I agree, inless im so thick
harmony is easy asf, just use exclusively 3rds and 6ths and you're good
TRYNA STRIKE A CHORD & ITS PROLLY A MINORRRRRRRR
Don't strike minors, it's illegal.
Very good.... Almost.. The missing part is,... Using a scale as melody is confusing because there is no rythm in the scale. If you chose a childrens rhyme to demonstrate, that would have been awesome. For now, am still lost.
But didn't I choose a children's rhyme to demonstrate? ...
@@MangoldProject oh boy! I just realised that I stopped watching the moment you said "see you next time" at 13:32. My bad. I followed your instructions too literally it seems 😂.
In this case, you have indeed demoed on a children's rhyme. Thankyou. It illustrates the ideas.
But I have to say that it doesn't sound 20% as good as the demo you gave on the scale in the beginning. That was really full and rich. Am left wanting more really. May be the arpeggios and adding rythm etc might flesh it out more. Have to experiment.
But, surely, can't complain on content this good.
This isn’t simple at all. Can you do something more simple?
I'm afraid that's as simple as I can make it.
😂
Hmm, you may be confusing the word “beginner” and “beginning/starting”
'Simple' is a relative term. Most of these 'easy play' videos assume a base knowledge of the keyboard's geography; that is not a huge hill to climb, but the fog of not knowing how major and minor scales and their associated chords are formed will probably be a step too far. Good luck.
Keep in mind, theory get even more complex when switching to Minor or modes.
This is NOT for beginners.
:(
Sure
For heaven's sake, what's this? Sorry to not appreciate at all what you do:
- You do play PARALLEL FIFTHS!
- You have NO COUNTERPOINT at all! (You have PARALLEL MOVEMENTS all over the place!)
Result: It simply sounds AWFUL to my ears. You are deliberately DISREGARDING THE LAST 400 YEARS of the art of music.
You'd better teach THE RULE OF THE OCTAVE and COUNTERPOINT.
My opinion is that one should teach beginners proper art and not no-goes, just for the sake of simplicity. Therefore, sorry to not appreciate at all the effort you have put into this video.
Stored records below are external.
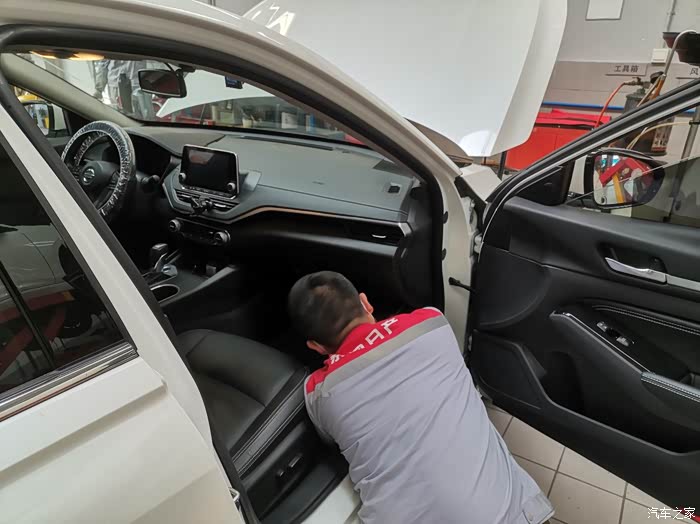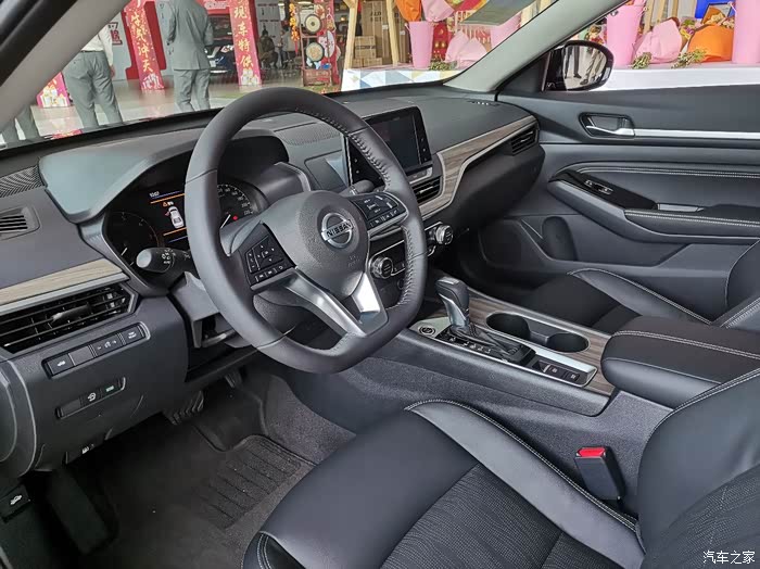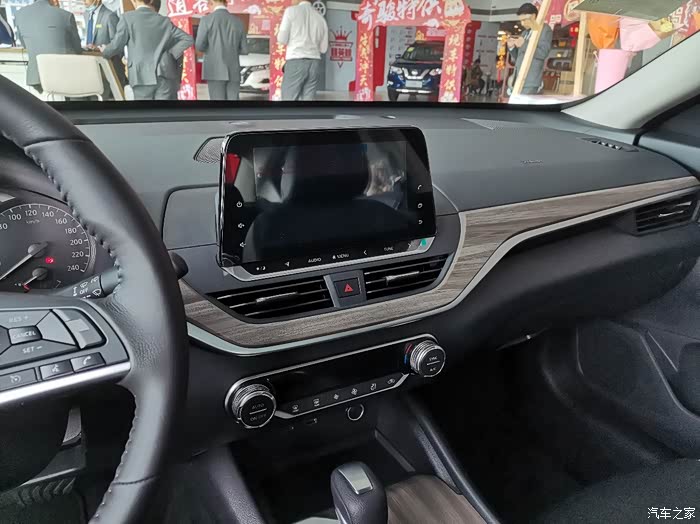 顺便看下最新款的天籁。果然内饰改了。中控面板和前面仪表台加了仿木纹的装饰,比我这台旧款的素色好看了不少。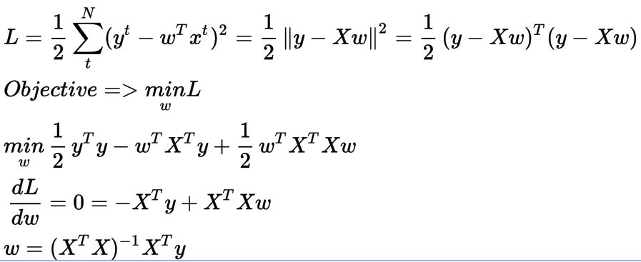 我们的目标是找到最好的参数w使真实输出向量y和近似值X*w之间的欧式距离最小。为此,我们通常使用最小二乘误差和矩阵运算来最小化它。这里我们用L表示损失(误差)函数。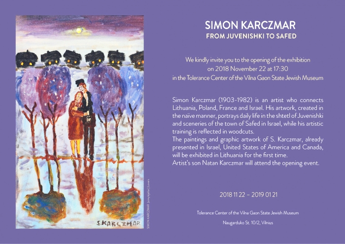 We kindly invite you to the opening of the exhibition “Simon Karczmar: from Juvenishki to Safed” on November 22 at 17:30 in the museum’s Tolerance Center (Naugarduko street no. 10/2, Vilnius).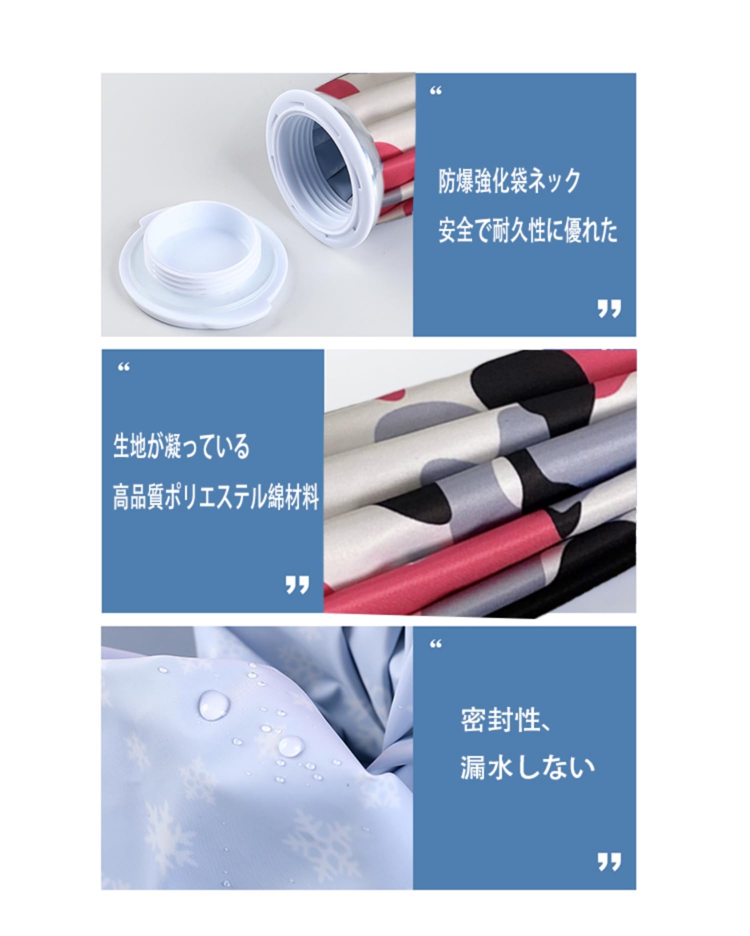 【最新の高技術採用】アイスバッグの裏に高品質なポリウレタンコーティング加工され、表に結露&水滴が生じにくく防湿で、シリコン製のリングを採用したキャップで水漏れもなくて、激しいスポーツでも水漏れの心配がありません、楽しく使えます。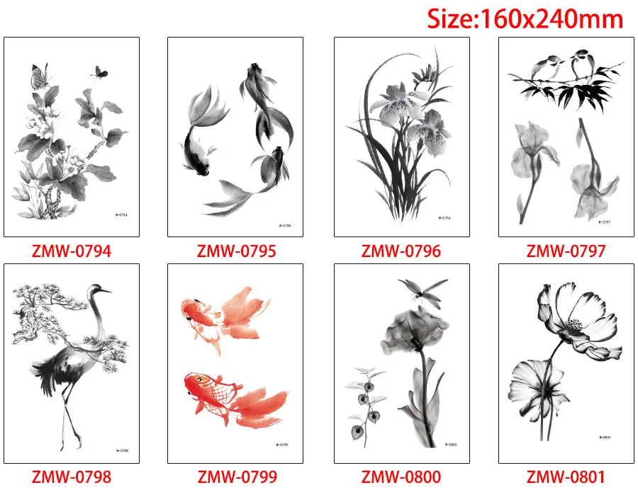 Временная тату-наклейка, китайская чернильная живопись, Цветочный стиль, простой черный поддельный боди-арт, макияж, большой дизайн, рыба, сосновый кран, наклейка

Relax, have a glass of wine, and lay off the caps lock for 7 days until you recover.
@@MangoldProject It simply is not good quality what you teach. Do you know "The Rule of the Octave"? Do you know why a good voicing uses "counterpoint" and what it means? Do you know why since ever in music composition one did avoid parallel 5ths and 8ths?
Your teaching to "beginners" leads them simply onto an ugly track that disregards any basics of harmonization, sorry that I have to mention that. You should know that, if you ever have studied some bit of harmonization. Sorry, but I very strongly disagree with you as I have the impression that you do not really know the fundamentals of harmonization, do you? Why on earth do you teach parallel 5ths? Why do you not mention inversions for avoiding parallel movements? The videos of "Music Matters" here on UA-cam for example are much, much more into the tricks of the art and still easy to understand, even for "beginners". Sorry to mention that, but the content of your video really does not even cover the very basics: It is leading interested beginners completely astray whilst you certainly know better. Well, anyone can publish on UA-cam. But then, please, do not call this a serious basic attempt to the harmonization of music. Avoiding of parallel 5ths and 8ths, and counterpoint movement are the very basics. We know that since 400 years. Why? Because it simply sounds way better. And this is not a matter of taste but of the principles of physics.
Fretted instrument players just had a brain freeze and daydreamed a bunch of open chords.